I'm trying to show a progress bar during a load operation. I know that the correct way to do this is to offload the work to a background thread and then show periodic progress updates on the UI thread. However, I have the annoying situation where the work HAS to be done on the UI thread, and as it's a 3rd party product, I can't refactor it in any way.
So ...
I've been trying to simply display a ProgressBar (in another window) on a separate thread using a new Dispatcher.
The code for this class can be seen below :
public interface ILoadingBar
{
void Stop();
string? ThreadName { get; }
}
public class LoadingBar : Window, ILoadingBar
{
public string? ThreadName => Dispatcher.Thread.Name;
public static void Start(Action<ILoadingBar> callback)
{
var thread = new Thread(() =>
{
var loadingBar = new LoadingBar()
{
Topmost = true,
ShowInTaskbar = false,
WindowStyle = WindowStyle.None,
Width = 250,
Height = 50,
WindowStartupLocation = WindowStartupLocation.CenterScreen,
Content = new ProgressBar()
{
IsIndeterminate = true
}
};
loadingBar.Show();
callback(loadingBar);
Dispatcher.Run();
})
{
Name = "LoadingBar",
IsBackground = true
};
thread.SetApartmentState(ApartmentState.STA);
thread.Start();
Thread.Sleep(200);
}
public void Stop()
{
Dispatcher.BeginInvoke(() =>
{
Dispatcher.InvokeShutdown();
Close();
});
}
}
and is used like this :
private void ButtonClickOnMainThread(object sender, RoutedEventArgs e)
{
Debug.WriteLine(Dispatcher.Thread.Name);
ILoadingBar? bar = null;
LoadingBar.Start((loadingBar) =>
{
bar = loadingBar;
});
Debug.WriteLine(bar!.ThreadName);
// simulate long running work on main thread
Thread.Sleep(5000);
bar.Stop();
}
Which works fine. Until I start mixing it with async/await. When I do this, for some reason, it will often (not always) freeze when the main UI thread is doing work, and I simply can't understand why? it's almost as though the await synchronisation is locking both Dispatchers? yet the loading bar is on its own thread and its own dispatcher? how could it be interfering?

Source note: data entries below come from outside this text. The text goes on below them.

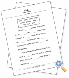 A cloze exercise is one in which certain words of a passage are removed and the student is required to put them back in the right place. This activity tests the student’s ability to understand the vocabulary and context. The words removed from the text are the vocabulary words from the reading.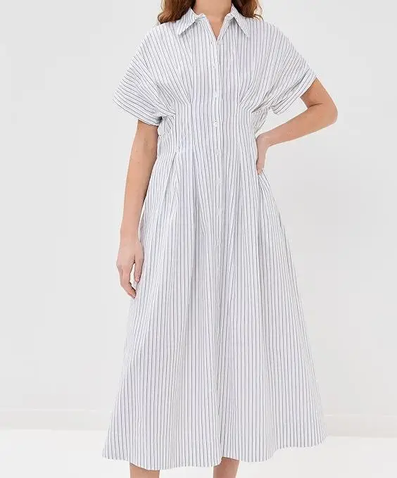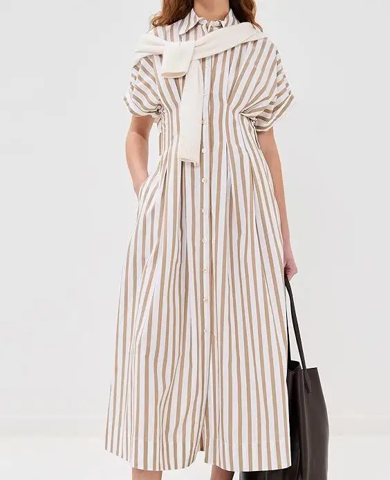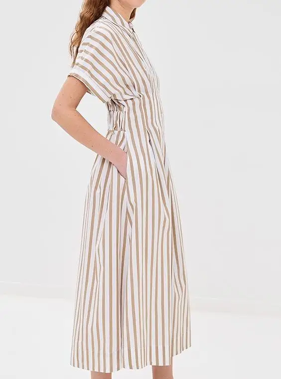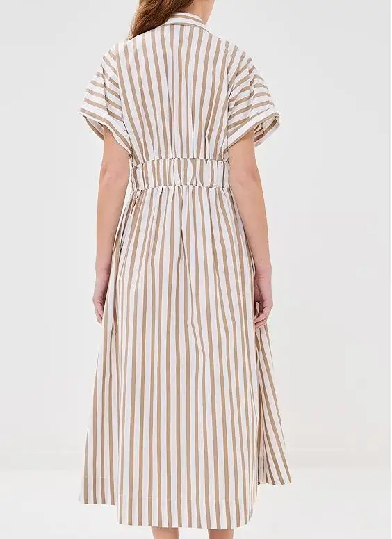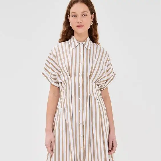 Custom Spring Strip Polo Collar Dress Short Sleeve Elegant Buttons up Casual Dress Casual Women Midi Linen Shirt Dress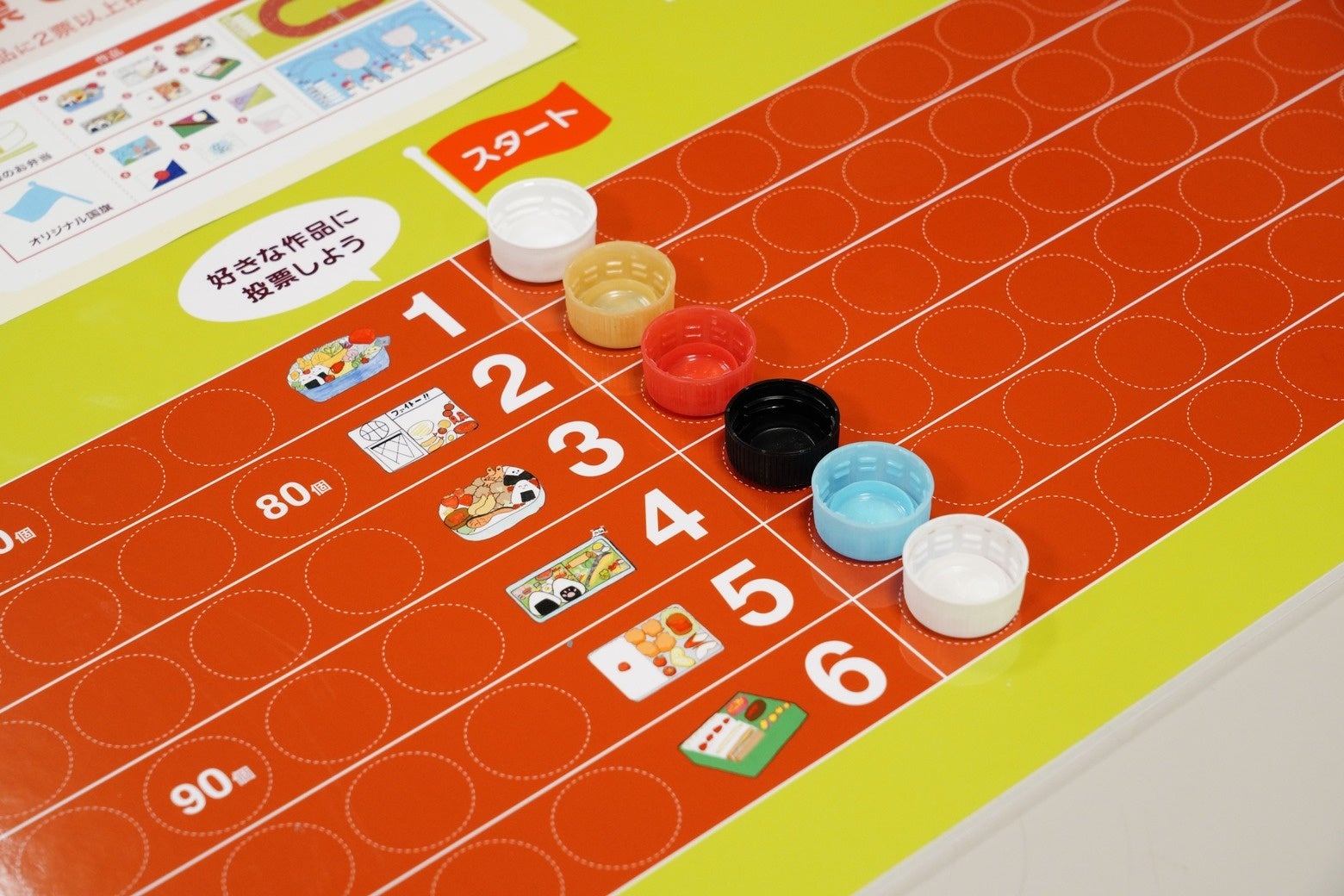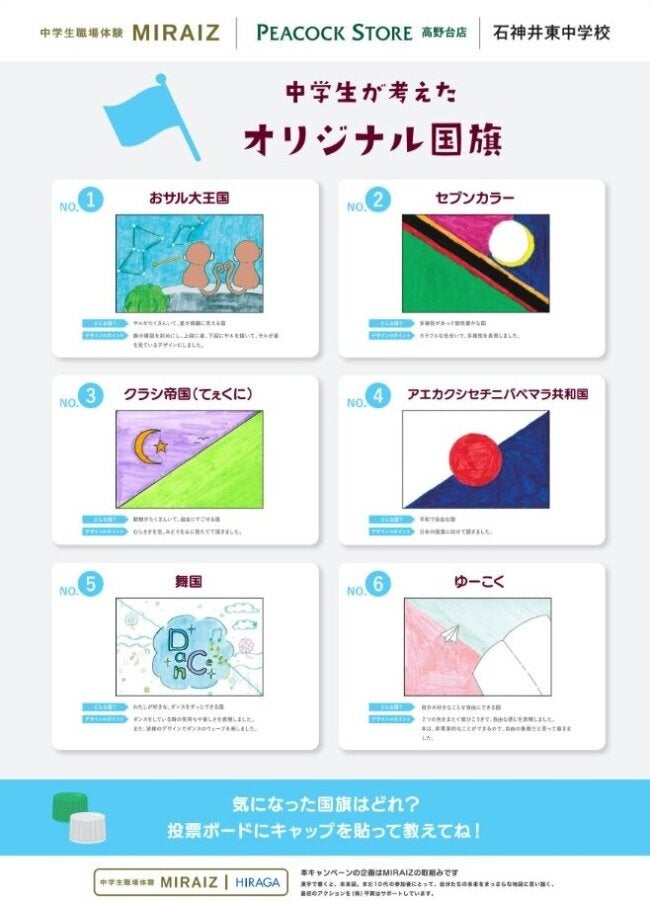 今回のイベント内容は、ピーコックストア高野台店を訪れた方々に、中学生の考えた理想のお弁当とオリジナル国旗の中から、気に入ったものへ『ペットボトルのキャップ』で投票してもらうというもの。投票参加に合わせてペットボトルキャップ回収のご協力も呼びかけました。

Also, annoyingly, I can't come up with a simple reproduction case. I've tried simulating what I am doing in the real app with the code below. But the code below works fine ...
private async void ButtonClickOnMainThread(object sender, RoutedEventArgs e)
{
Debug.WriteLine(Dispatcher.Thread.Name);
ILoadingBar? bar = null;
LoadingBar.Start((loadingBar) =>
{
bar = loadingBar;
});
Debug.WriteLine(bar!.ThreadName);
await SomeWork1();
await SomeWork2();
await SomeWork3();
// simulate long running work on main thread
Thread.Sleep(5000);
bar.Stop();
}
private async Task SomeWork1()
{
await Task.Run(() => Thread.Sleep(10));
}
private async Task SomeWork2()
{
await Task.Run(() => Thread.Sleep(50));
}
private async Task SomeWork3()
{
await Task.Run(() => Thread.Sleep(200));
}
Any ideas what it could possibly be? or some things I could test/change?